Leserbrief

Meilenstein

Der Besuch des Papstes in Abu Dhabi war ein Meilenstein im Dialog zwischen Christen und Muslimen. Franziskus und der Großimam der Kairoer Al Azhar-Moschee Ahmad al-Tayyeb, die sich bereits zum fünften Mal trafen, nannten sich gegenseitig "Bruder und guter Freund". Ihre gemeinsame religiöse Erklärung hat in dieser arabischen Region eine enorme politische Bedeutung. Die wichtigste sunnitische Lehrautorität und der Papst plädierten mit außergewöhnlicher Klarheit für Religionsfreiheit, Frauenrechte und Nachhaltigkeit. Sie verurteilten jegliche Gewalt und Extremismus im Namen Gottes und ebenso den amoralischen Individualismus. Franziskus erklärte: Wahre Religionsfreiheit beschränkt sich "nicht nur auf die Ausübung der Religion, sondern sieht im andern wirklich einen Bruder und eine Schwester… derselben Menschheit, denen Gott Freiheit gewährt."

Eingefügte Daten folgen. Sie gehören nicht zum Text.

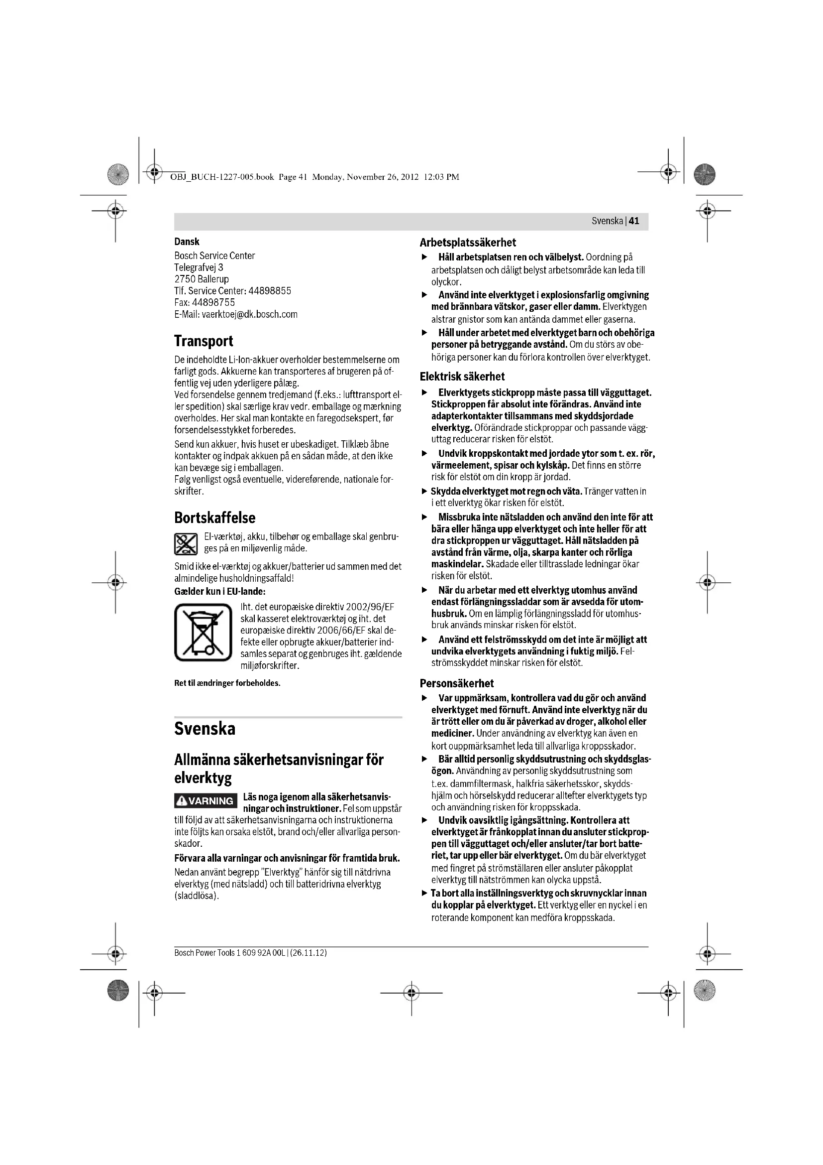Valg af tilbehør – 147 OBJ_BUCH-1227-005.book Page 40 Monday, November 26, 2012 12:03 PMSvenska | 41 Bosch Power Tools 1 609 92A 00L | (26.11.12) Dansk Bosch Service Center Telegrafvej 3 2750 Ballerup Tlf. Service Center: 44898855 Fax: 44898755 E-Mail: vaerktoej@dk.bosch.com Transport De indeholdte Li-Ion-akkuer overholder bestemmelserne om farligt gods. Akkuerne kan transporteres af brugeren på of- fentlig vej uden yderligere pålæg. Ved forsendelse gennem tredjemand (f.eks.: lufttransport el- ler spedition) skal særlige krav vedr. emballage og mærkning overholdes. Her skal man kontakte en faregodsekspert, før forsendelsesstykket forberedes. Send kun akkuer, hvis huset er ubeskadiget. Tilklæb åbne kontakter og indpak akkuen på en sådan måde, at den ikke kan bevæge sig i emballagen. Følg venligst også eventuelle, videreførende, nationale for- skrifter. Bortskaffelse El-værktøj, akku, tilbehør og emballage skal genbru- ges på en miljøvenlig måde. Smid ikke el-værktøj og akkuer/batterier ud sammen med det almindelige husholdningsaffald! Gælder kun i EU-lande: Iht. det europæiske direktiv 2002/96/EF skal kasseret elektroværktøj og iht. det europæiske direktiv 2006/66/EF skal de- fekte eller opbrugte akkuer/batterier ind- samles separat og genbruges iht. gældende miljøforskrifter. Ret til ændringer forbeholdes. Svenska Allmänna säkerhetsanvisningar för elverktyg Läs noga igenom alla säkerhetsanvis- ningar och instruktioner. Fel som uppstår till följd av att säkerhetsanvisningarna och instruktionerna inte följts kan orsaka elstöt, brand och/eller allvarliga person- skador. Förvara alla varningar och anvisningar för framtida bruk. Nedan använt begrepp ”Elverktyg” hänför sig till nätdrivna elverktyg (med nätsladd) och till batteridrivna elverktyg (sladdlösa). Arbetsplatssäkerhet Håll arbetsplatsen ren och välbelyst. Oordning på arbetsplatsen och dåligt belyst arbetsområde kan leda till olyckor. Använd inte elverktyget i explosionsfarlig omgivning med brännbara vätskor, gaser eller damm. Elverktygen alstrar gnistor som kan antända dammet eller gaserna. Håll under arbetet med elverktyget barn och obehöriga personer på betryggande avstånd. Om du störs av obe- höriga personer kan du förlora kontrollen över elverktyget. Elektrisk säkerhet Elverktygets stickpropp måste passa till vägguttaget. Stickproppen får absolut inte förändras. Använd inte adapterkontakter tillsammans med skyddsjordade elverktyg. Oförändrade stickproppar och passande vägg- uttag reducerar risken för elstöt. Undvik kroppskontakt med jordade ytor som t. ex. rör, värmeelement, spisar och kylskåp. Det finns en större risk för elstöt om din kropp är jordad. Skydda elverktyget mot regn och väta. Tränger vatten in i ett elverktyg ökar risken för elstöt. Missbruka inte nätsladden och använd den inte för att bära eller hänga upp elverktyget och inte heller för att dra stickproppen ur vägguttaget. Håll nätsladden på avstånd från värme, olja, skarpa kanter och rörliga maskindelar. Skadade eller tilltrasslade ledningar ökar risken för elstöt. När du arbetar med ett elverktyg utomhus använd endast förlängningssladdar som är avsedda för utom- husbruk. Om en lämplig förlängningssladd för utomhus- bruk används minskar risken för elstöt. Använd ett felströmsskydd om det inte är möjligt att undvika elverktygets användning i fuktig miljö. Fel- strömsskyddet minskar risken för elstöt. Personsäkerhet Var uppmärksam, kontrollera vad du gör och använd elverktyget med förnuft. Använd inte elverktyg när du är trött eller om du är påverkad av droger, alkohol eller mediciner. Under användning av elverktyg kan även en kort ouppmärksamhet leda till allvarliga kroppsskador. Bär alltid personlig skyddsutrustning och skyddsglas- ögon. Användning av personlig skyddsutrustning som t.ex. dammfiltermask, halkfria säkerhetsskor, skydds- hjälm och hörselskydd reducerar alltefter elverktygets typ och användning risken för kroppsskada. Undvik oavsiktlig igångsättning. Kontrollera att elverktyget är frånkopplat innan du ansluter stickprop- pen till vägguttaget och/eller ansluter/tar bort batte- riet, tar upp eller bär elverktyget. Om du bär elverktyget med fingret på strömställaren eller ansluter påkopplat elverktyg till nätströmmen kan olycka uppstå. Ta bort alla inställningsverktyg och skruvnycklar innan du kopplar på elverktyget. Ett verktyg eller en nyckel i en roterande komponent kan medföra kroppsskada. VARNING OBJ_BUCH-1227-005.book Page 41 Monday, November 26, 2012 12:03 PM42 | Svenska 1 609 92A 00L | (26.11.12) Bosch Power Tools Undvik onormala kroppsställningar. Se till att du står stadigt och håller balansen. I detta fall kan du lättare kon- trollera elverktyget i oväntade situationer. Bär lämpliga arbetskläder. Bär inte löst hängande klä- der eller smycken. Håll håret, kläderna och handskarna på avstånd från rörliga delar. Löst hängande kläder, långt hår och smycken kan dras in av roterande delar. När elverktyg används med dammutsugnings- och -upp- samlingsutrustning, se till att dessa är rätt monterade och används på korrekt sätt. Användning av damm- utsugning minskar de risker damm orsakar. Korrekt användning och hantering av elverktyg Överbelasta inte elverktyget. Använd för aktuellt arbete avsett elverktyg. Med ett lämpligt elverktyg kan du arbeta bättre och säkrare inom angivet effektområde. Ett elverktyg med defekt strömställare får inte längre användas. Ett elverktyg som inte kan kopplas in eller ur är farligt och måste repareras. Dra stickproppen ur vägguttaget och/eller ta bort bat- teriet innan inställningar utförs, tillbehörsdelar byts ut eller elverktyget lagras. Denna skyddsåtgärd förhindrar oavsiktlig inkoppling av elverktyget. Förvara elverktygen oåtkomliga för barn. Låt elverkty- get inte användas av personer so

Doch daneben sagte der Papst auch etwas, was sich unsere jetzige österreichische Bundesregierung dick hinter die Ohren schreiben sollte. "Eine Gerechtigkeit, die nur für Familienmitglieder, Landsleute und Gläubige desselben Glaubens gilt, ist eine hinkende Gerechtigkeit; sie ist (in Wahrheit) verschleierte Ungerechtigkeit."
In Abu Dhabi gelobten die höchsten Autoritäten der Katholischen Kirche und des sunnitischen Islam sich für eine Pluralität im Glauben und für ein friedliches Miteinander der Kinder des einen Schöpfers einzusetzen. Das ist ein Meilenstein, viel mehr als man erwarten konnte.